■ **What you are asked to do**
Copy the lines below word for word, skipping any image.

■ **Source material**
[Start of section]

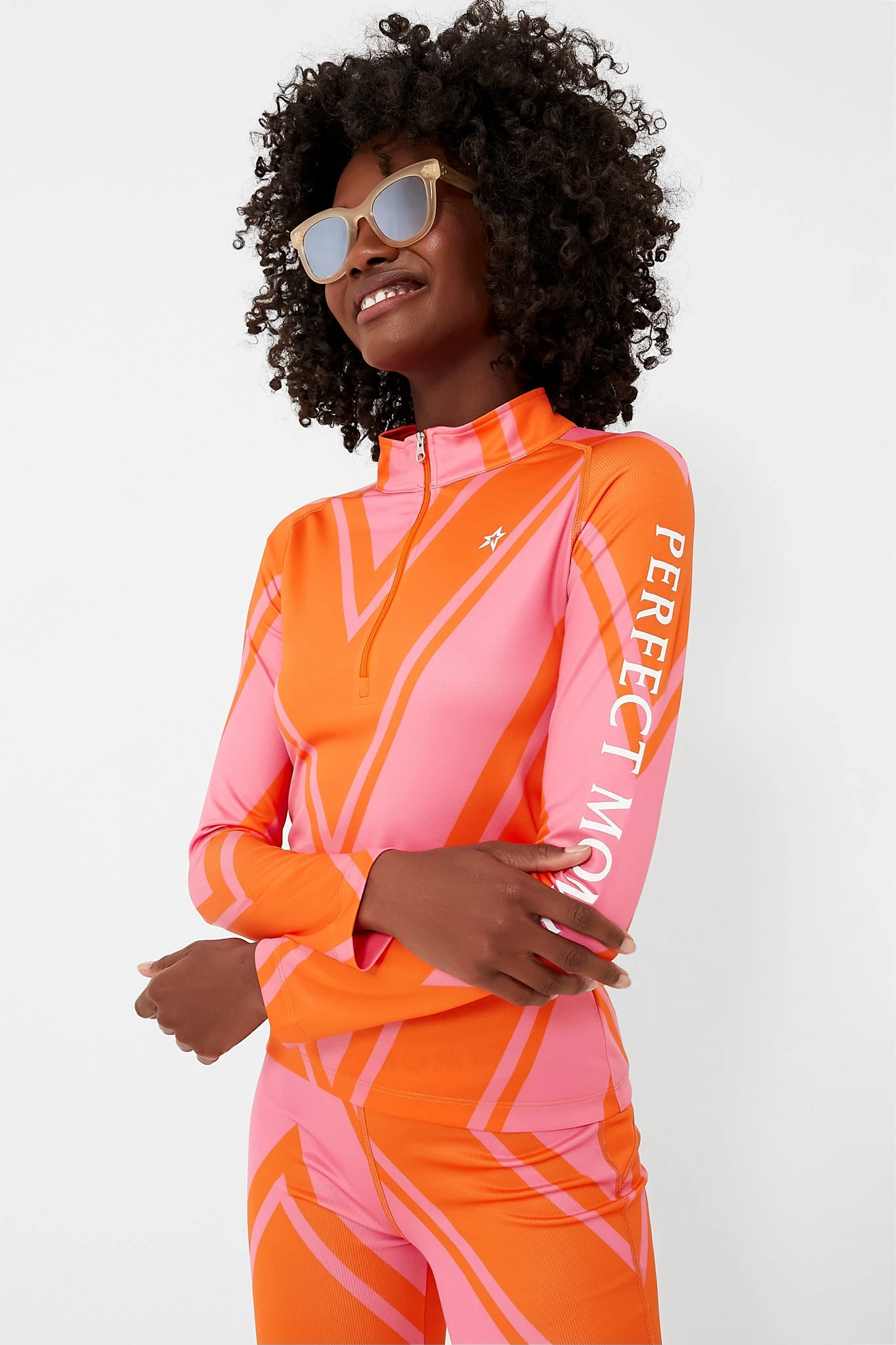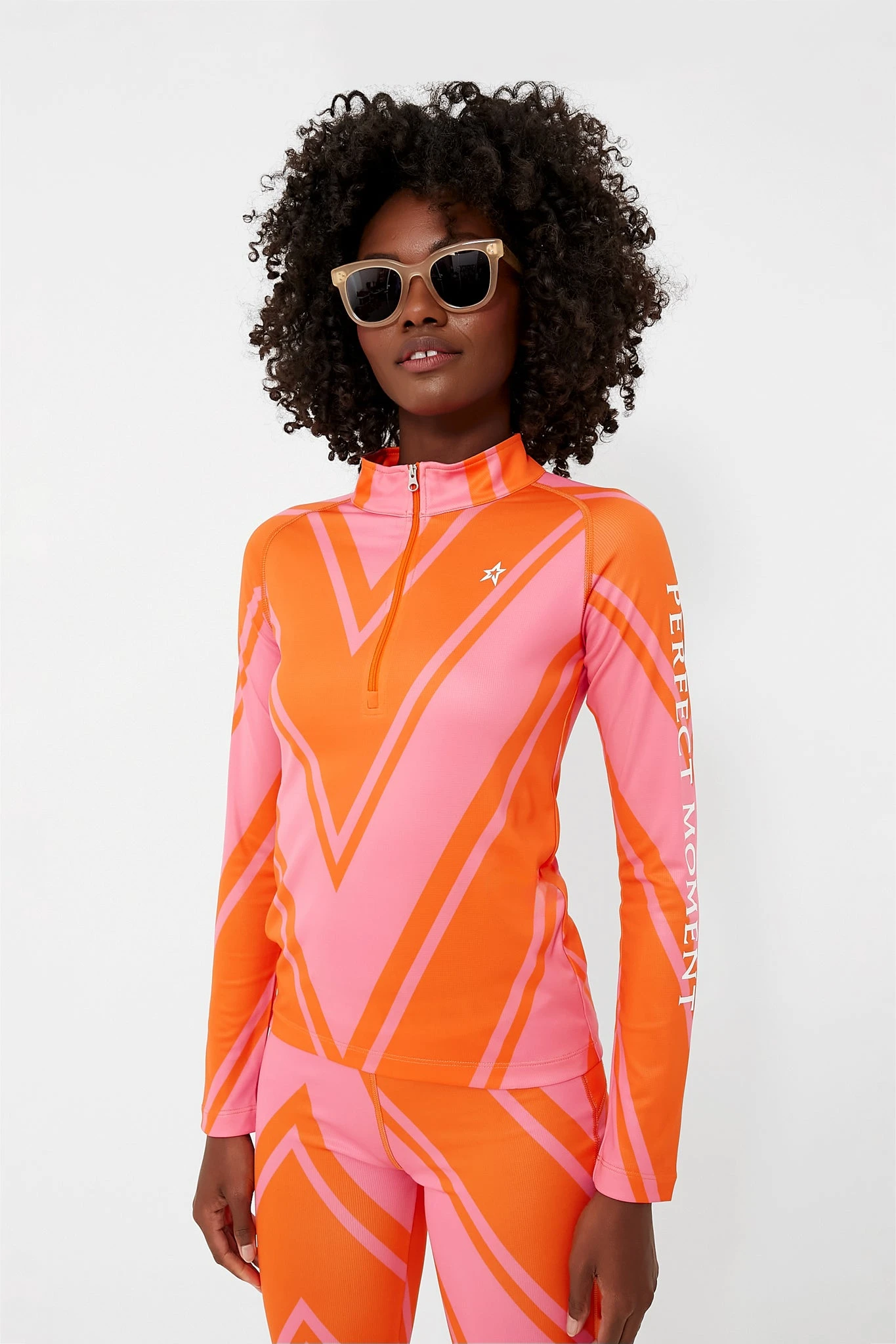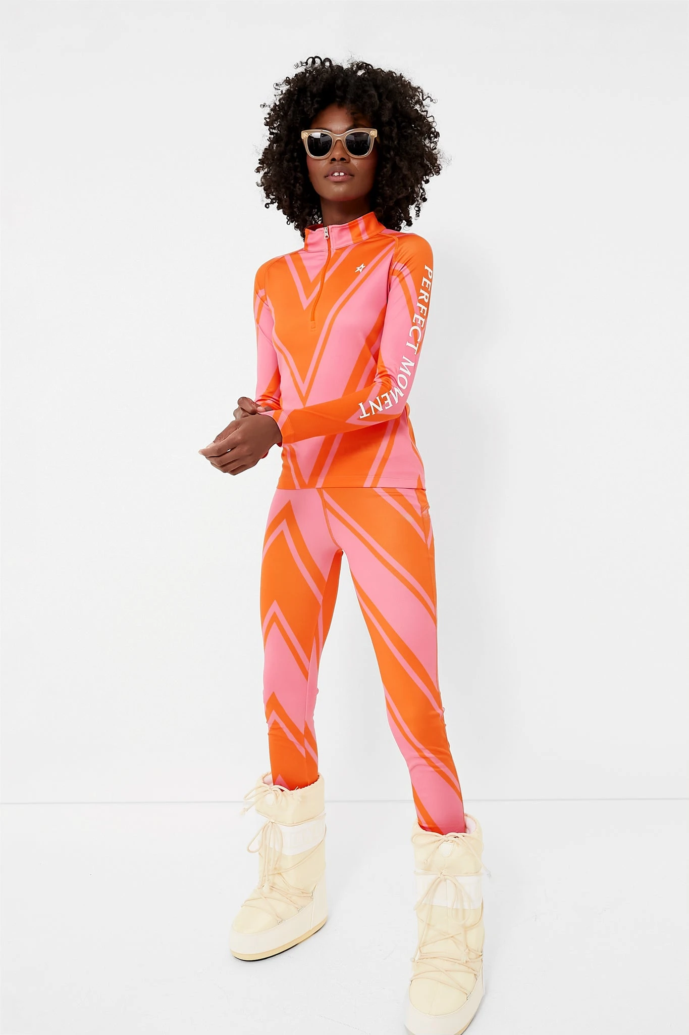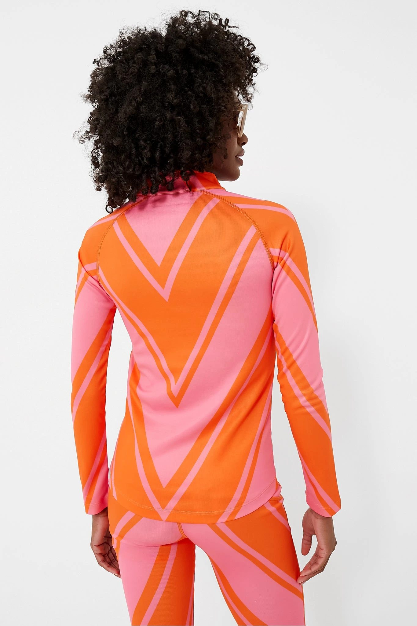 A thermal base layer top is a true essential for any ski trip. Featuring a fitted design, moisture-wicking fabric, long sleeves, and a half-zip mock neck, the Azalea Pink and Orange Chevron Print Thermal Half Zip is a fun, stylish choice for a day on the slopes. This thermal base layer is elevated with a retro neon print and will ensure you are prepared to take on the elements. Pair with the Azalea Pink and Orange Chevron Print Thermal Pant for an adorable matching set.ย
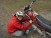 When we stopped for a break from the traffic, Andy's bike started leaking gas out of the carburetor. He fixed it with the shoelace from his vans skate shoes.
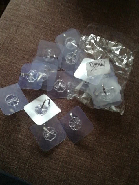 Наконец то, наконец то я получила эти крючки! Третий раз! В первые 2 раза просто терялись где то))) вообщем, крючки реально выдерживают все что захотите. Мой фен висит уже больше полугода и не падает) а также всякие корзинки и тд-всю стену увешала)))
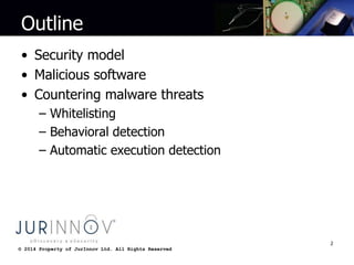 The document discusses strategies for combating malware threats, emphasizing the need for adaptable security models and various detection approaches like whitelisting and behavioral detection. It highlights the challenges posed by malicious software, including its increasing sophistication and ability to evade traditional security measures. Additionally, it addresses the trade-offs between security effectiveness and system performance, and provides insights into automatic execution detection as a complementary strategy.

[End of section]

■ **Solution to the problem**
 A thermal base layer top is a true essential for any ski trip. Featuring a fitted design, moisture-wicking fabric, long sleeves, and a half-zip mock neck, the Azalea Pink and Orange Chevron Print Thermal Half Zip is a fun, stylish choice for a day on the slopes. This thermal base layer is elevated with a retro neon print and will ensure you are prepared to take on the elements. Pair with the Azalea Pink and Orange Chevron Print Thermal Pant for an adorable matching set.ย
 When we stopped for a break from the traffic, Andy's bike started leaking gas out of the carburetor. He fixed it with the shoelace from his vans skate shoes.
 Наконец то, наконец то я получила эти крючки! Третий раз! В первые 2 раза просто терялись где то))) вообщем, крючки реально выдерживают все что захотите. Мой фен висит уже больше полугода и не падает) а также всякие корзинки и тд-всю стену увешала)))
 The document discusses strategies for combating malware threats, emphasizing the need for adaptable security models and various detection approaches like whitelisting and behavioral detection. It highlights the challenges posed by malicious software, including its increasing sophistication and ability to evade traditional security measures. Additionally, it addresses the trade-offs between security effectiveness and system performance, and provides insights into automatic execution detection as a complementary strategy.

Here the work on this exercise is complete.